Evidence-Based Recommendations

The 2023 American Heart Association/American Stroke Association guidelines note that:

  • For MCA bifurcation aneurysms specifically, surgical clipping may be superior to endovascular treatment 1
  • Within the cohort of patients >65 years in the ISAT trial, clipping was superior for MCA aneurysms 1
  • Flow diverters should be avoided in the acute phase of ruptured aneurysms whenever possible 1

Risk Mitigation Strategies

  • Careful patient selection is critical - avoid flow diversion for MCA bifurcation aneurysms when surgical clipping is feasible
  • Consider alternative endovascular approaches such as conventional coiling or balloon-assisted techniques
  • If flow diversion is absolutely necessary:
    • Use IVUS for accurate assessment and optimal stent placement
    • Consider single-stent technique when possible
    • Ensure proper dual antiplatelet therapy management
    • Plan for longer angiographic follow-up (12+ months)
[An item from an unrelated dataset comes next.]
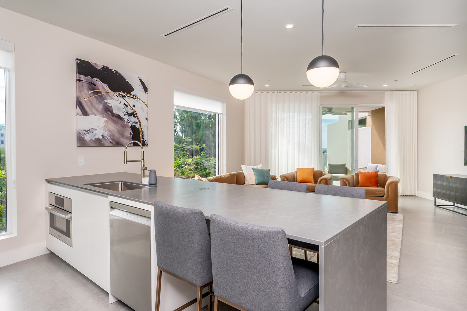 This unit comes fully furnished with design-forward, contemporary finishings that have been carefully curated by Dreamhouse Design to maximise the living space while complimenting the ocean views and abundance of natural light. The unit is completely turn-key without compromising on quality or style. All the essentials of home living are included: all furniture, rugs, artwork, media station, blinds and curtains, bedroom essentials, bathroom accessories, modern kitchen appliances, kitchen utensils (45+ items), patio furniture, and more.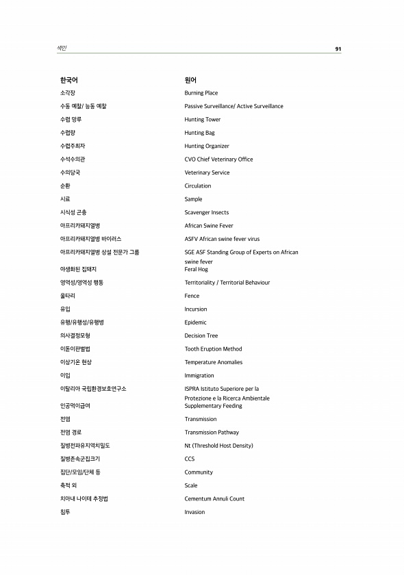 색인 91 한국어 원어 소각장 Burning Place 수동 예찰/ 능동 예찰 Passive Surveillance/ Active Surveillance 수렵 망루 Hunting Tower 수렵량 Hunting Bag 수렵주최자 Hunting Organizer 수석수의관 CVO Chief Veterinary Office 수의당국 Veterinary Service 순환 Circulation 시료 Sample 시식성 곤충 Scavenger Insects 아프리카돼지열병 African Swine Fever 아프리카돼지열병 바이러스 ASFV African swine fever virus 아프리카돼지열병 상설 전문가 그룹 SGE ASF Standing Group of Experts on African swine fe...

Flow diversion for MCA bifurcation aneurysms remains controversial with higher complication rates than traditional approaches, and should be considered only when conventional treatment options are not feasible.
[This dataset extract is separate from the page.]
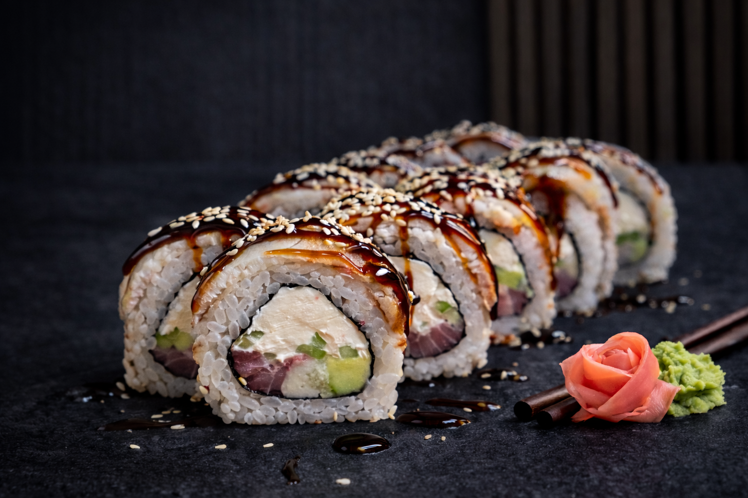Зверху рол політий ароматним соусом унагі та посипаний кунжутом, що додає приємну солодкувато-копчену нотку.

Professional Medical Disclaimer

This information is intended for healthcare professionals. Any medical decision-making should rely on clinical judgment and independently verified information. The content provided herein does not replace professional discretion and should be considered supplementary to established clinical guidelines. Healthcare providers should verify all information against primary literature and current practice standards before application in patient care. Dr.Oracle assumes no liability for clinical decisions based on this content.